Chapter 16, Problem 64P

(a)

To determine

The wave function for this vibration.

Explanation of Solution

Given:

Length of string is $2.00\text{m}$ .

Maximum amplitude is $3.00\text{cm}$ .

Frequency of the string is $100\text{Hz}$ .

Formula used:

Write expression for general form of wave function for 3^rd harmonic.

  $y_3\left(x,t\right)=A_3\sin \left(k_{3}x\right)\cos \left({\omega }_{3}t\right)$....... (1)

Write expression for angular velocity.

  ${\omega }_3=2\pi f_3$......... (2)

Write expression for wavelength of standing wave for string fixed at one end.

  ${\lambda }_3=\frac{4}{3}L$......... (3)

Write expression for wave number.

  $k_3=\frac{2\pi }{{\lambda }_3}$......... (4)

Calculation:

Substitute $100\text{Hz}$ for $f_3$ in equation (2).

  $\begin{array}{c}{\omega }_3=2\pi \left(100\text{Hz}\right)\\ =200\pi {\text{s}}^{\text{-1}}\end{array}$

Substitute $2\text{m}$ for $L$ in equation (3).

  $\begin{array}{c}{\lambda }_3=\frac{4}{3}\left(2\text{m}\right)\\ =\frac{8}{3}\text{m}\end{array}$

Substitute $\frac{8}{3}\text{m}$ for ${\lambda }_3$ in equation (4).

  $\begin{array}{c}{k}_3=\frac{2\pi }{8/3}\\ =\frac{3\pi }{4}\end{array}$

Substitute $3.00\text{cm}$ for $A_3$ , $200\pi {\text{s}}^{\text{-1}}$ for ${\omega }_3$ , $\frac{8}{3}\text{m}$ for ${\lambda }_3$ and $\frac{3\pi }{4}$ for $k_3$ in equation (1).

  $\begin{array}{l}{y}_3\left(x,t\right)=\left(3.00\text{cm}\right)\left(\frac{1\text{m}}{100\text{cm}}\right)\sin \left(\frac{3\pi }{4}x\right)\cos \left(200\pi {\text{s}}^{\text{-1}}t\right)\\ y_3\left(x,t\right)=\left(0.03\text{m}\right)\sin \left(\frac{3\pi }{4}x\right)\cos \left(200\pi {\text{s}}^{\text{-1}}t\right)\end{array}$

Conclusion:

Thus, the wave function for vibration is $y_3\left(x,t\right)=\left(0.03\text{m}\right)\sin \left(\frac{3\pi }{4}x\right)\cos \left(200\pi {\text{s}}^{\text{-1}}t\right)$ .

(b)

To determine

Function for kinetic energy; time at which kinetic energy is maximum.

Explanation of Solution

Given:

Length of string is $2.00\text{m}$ .

Maximum amplitude is $3.00\text{cm}$ .

Frequency of the string is $100\text{Hz}$ .

Formula used:

Write expression for general form of wave function for 3^rd harmonic.

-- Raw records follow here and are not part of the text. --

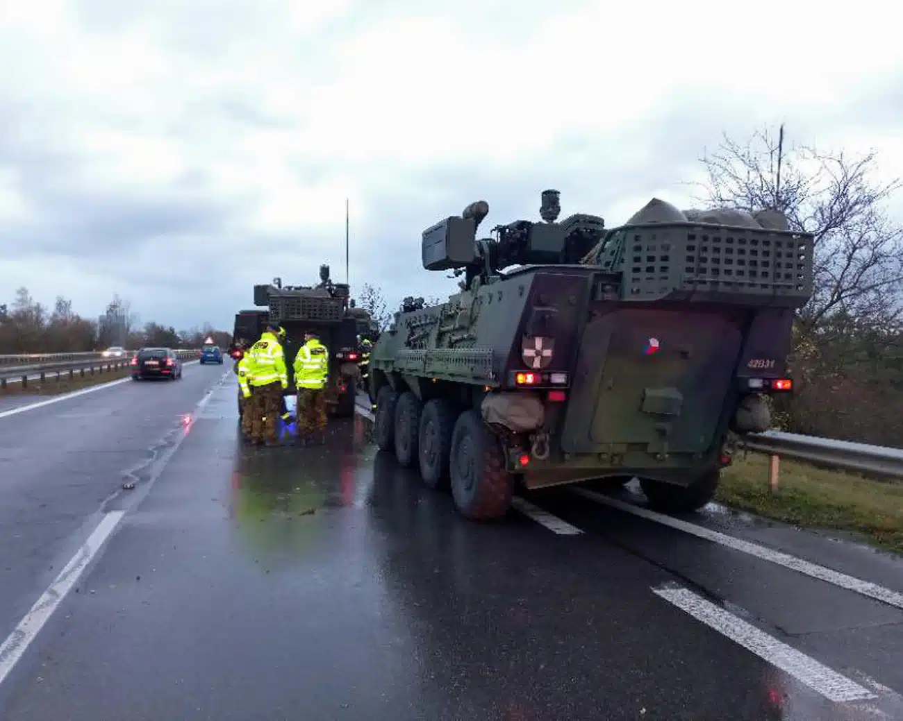 „Ve vojenské koloně byla tři obrněná vozidla pandur, jedno doprovodné nákladní vozidlo a dvě vojenská osobní auta,“ sdělila policejní mluvčí Michaela Richterová.
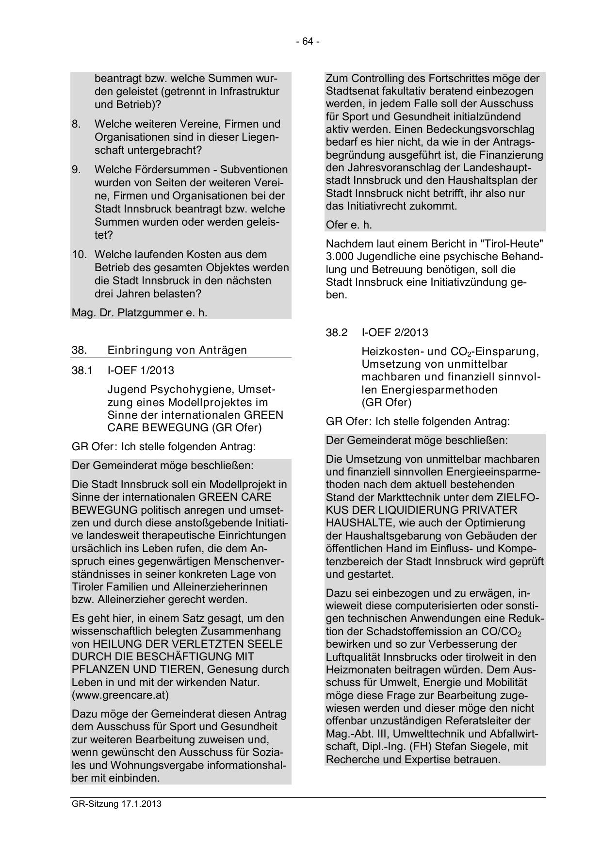 Stadt Innsbruck nicht betrifft, ihr also nur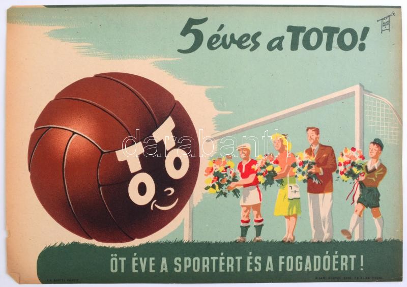 https://www.darabanth.com/en/386-Online-auction/386.0/Art-and-other-collectibles/Posters~500032/Villamosplakat-5-eves-a-Toto-5-eve-a-sportert-es-a-fogadoert-focipalya-33-5x24-cm~II2312128

  $y_3\left(x,t\right)=A_3\sin \left(k_{3}x\right)\cos \left({\omega }_{3}t\right)$......... (1)

Write expression for angular velocity.

  ${\omega }_3=2\pi f_3$......... (2)

Write expression for wavelength of standing wave for string fixed at one end.

  ${\lambda }_3=\frac{4}{3}L$......... (3)

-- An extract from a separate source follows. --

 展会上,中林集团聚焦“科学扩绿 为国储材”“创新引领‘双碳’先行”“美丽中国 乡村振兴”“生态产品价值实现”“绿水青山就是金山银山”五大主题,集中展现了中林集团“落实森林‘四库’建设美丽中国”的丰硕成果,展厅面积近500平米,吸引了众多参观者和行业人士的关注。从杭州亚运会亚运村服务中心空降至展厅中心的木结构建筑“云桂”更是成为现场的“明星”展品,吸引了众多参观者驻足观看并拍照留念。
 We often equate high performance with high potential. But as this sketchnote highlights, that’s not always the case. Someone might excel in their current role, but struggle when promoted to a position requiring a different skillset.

Write expression for wave number.

  $k_3=\frac{2\pi }{{\lambda }_3}$......... (4)

Write expression for kinetic energy.

  $dK=\frac{1}{2}\mu v_y^{2}dx$......... (5)

Calculation:

Substitute $100\text{Hz}$ for $f_3$ in equation (2).

  $\begin{array}{c}{\omega }_3=2\pi \left(100\text{Hz}\right)\\ =200\pi {\text{s}}^{\text{-1}}\end{array}$

Substitute $2\text{m}$ for $L$ in equation (3).

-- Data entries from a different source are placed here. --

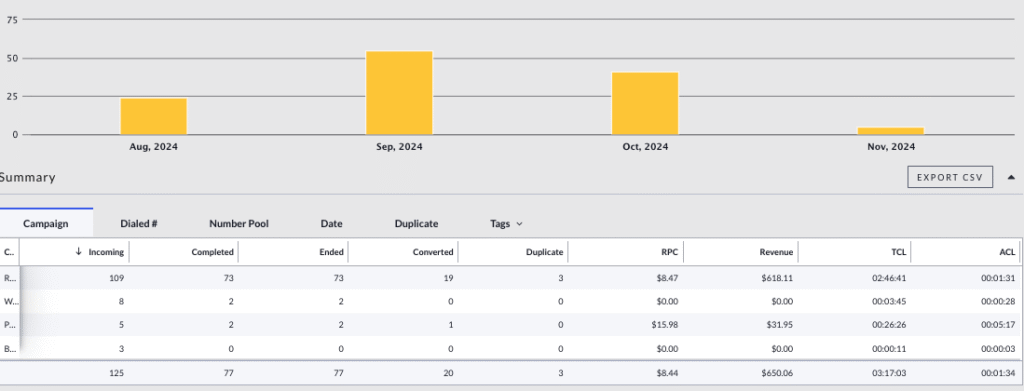 - Aug–Oct 2024: $650.06 from 125 calls (20 conversions).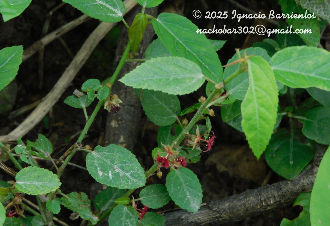 Subarbustos erectos, de hasta 1 m de altura, ramas hasta de 4 mm de diámetro, finamente pubescentes. Estípulas 4-5 mm. Hojas membranáceas, pecíolo 1-2 cm, lámina ovado-lanceolada, aguda, base redondeada, de 5 (7) × 1,8 (2,5) cm, aserrada, epifilo e hipofilo levemente pubescentes, pelos pequeños, estrellados y simples, abundantes sobre las venas. Inflorescencias hasta 8-floras. Capucha de la uña de los pétalos triangular, margen posterior eroso y setuloso, lámina tan larga como el largo total de la capucha sobresaliendo notablemente; porción libre de los filamentos tan larga como el tubo estaminal, estaminodios inclinados hacia adentro, planos y rodeando estrechamente al estilo que es largo y completamente exerto.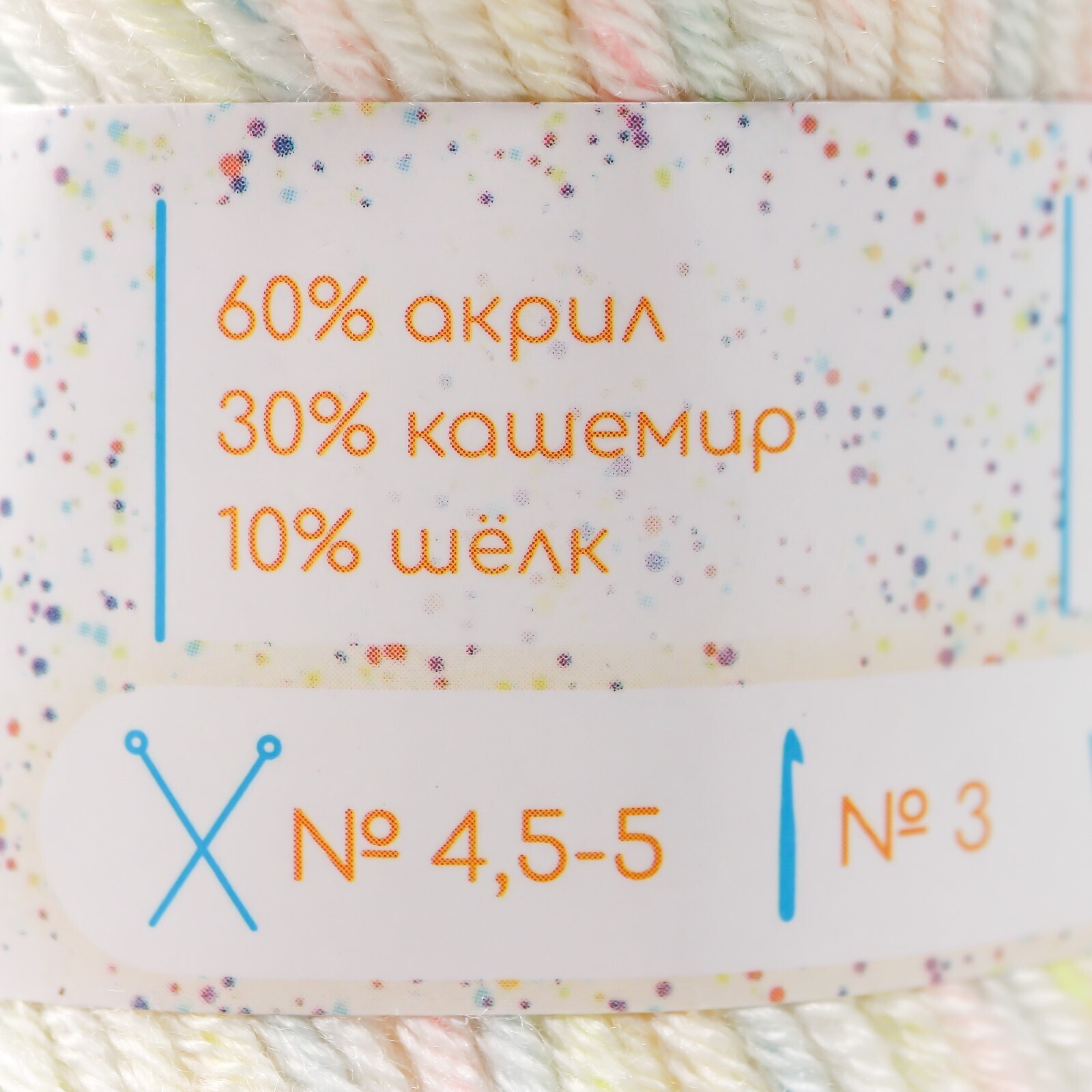 Пряжа 60% акрил, 30% кашемир, 10% шёлк "Веснушки" 50 гр 80 м цвет 04В сливки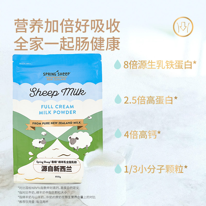 Springsheep春绵羊奶粉进口儿童全脂奶粉高钙成人营养羊奶粉850g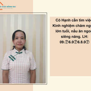 Quê: Trà Vinh *Công việc mong muốn: GIÚP VIỆC NHÀ – CHĂM ÔNG BÀ – CHĂM BỆNH *Gia đình: độc thân, không vướng bận gia đình *Kinh nghiệm: + chăm bệnh được hơn 14 năm + Gần đây, chăm bà bị tiểu đường nằm 1 chỗ ở Phú Quốc được gần 4 năm ( bà mất nên chị mới nghỉ ) *Ưu điểm: + Chị nấu ăn cơ bản gia đình, thay đổi theo khẩu vị gia đình + Chị siêng năng, chịu khó, không ngại việc, tiếp thu, hoà hợp, vui vẻ như trong gia đình chị làm ở đâu mọi người cũng quý mến chị về công việc cũng như tính cách chị. + Chị tiếp thu nhanh, thiết bị hiện đại chị đều sử dụng, sạch sẽ + Sức khoẻ chị rất tốt, nhà 2, 3 lầu hay biệt thự không thành vấn đề. + Chị có kinh nghiệm chăm sóc người lớn tuổi, người bệnh. Bà đau ốm nằm 1 chỗ cô chăm sóc chu đáo, lo thuốc thang đúng giờ, cho ăn bằng ống. Ngủ đêm với ông bà được. + Chị chăm được tất cả các ca bệnh nặng của người bệnh, có thể hút đàm, cho ăn bằng ống, …. Thức đêm chăm ông bà được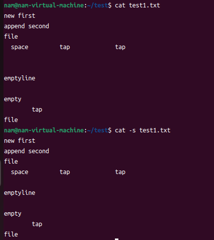 | 5 | -s | 두 번 이상 연속된 빈 라인(empty line) 출력 안함. | |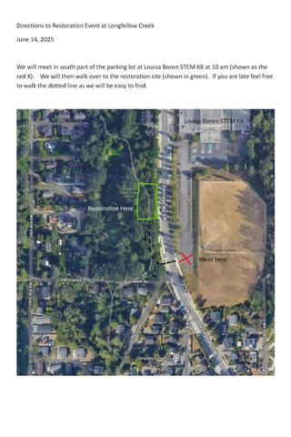 We will meet on the south side of the parking lot for Louisa Boren STEM K8 at 10AM and will walk the short distance to the restoration site across the street after greetings and introductions. Directions to the site are show in the image file.

  $\begin{array}{c}{\lambda }_3=\frac{4}{3}\left(2\text{m}\right)\\ =\frac{8}{3}\text{m}\end{array}$

Substitute $\frac{8}{3}\text{m}$ for ${\lambda }_3$ in equation (4).

  $\begin{array}{c}{k}_3=\frac{2\pi }{8/3}\\ =\frac{3\pi }{4}\end{array}$

Substitute $3.00\text{cm}$ for $A_3$ , $200\pi {\text{s}}^{\text{-1}}$ for ${\omega }_3$ , $\frac{8}{3}\text{m}$ for ${\lambda }_3$ and $\frac{3\pi }{4}$ for $k_3$ in equation (1).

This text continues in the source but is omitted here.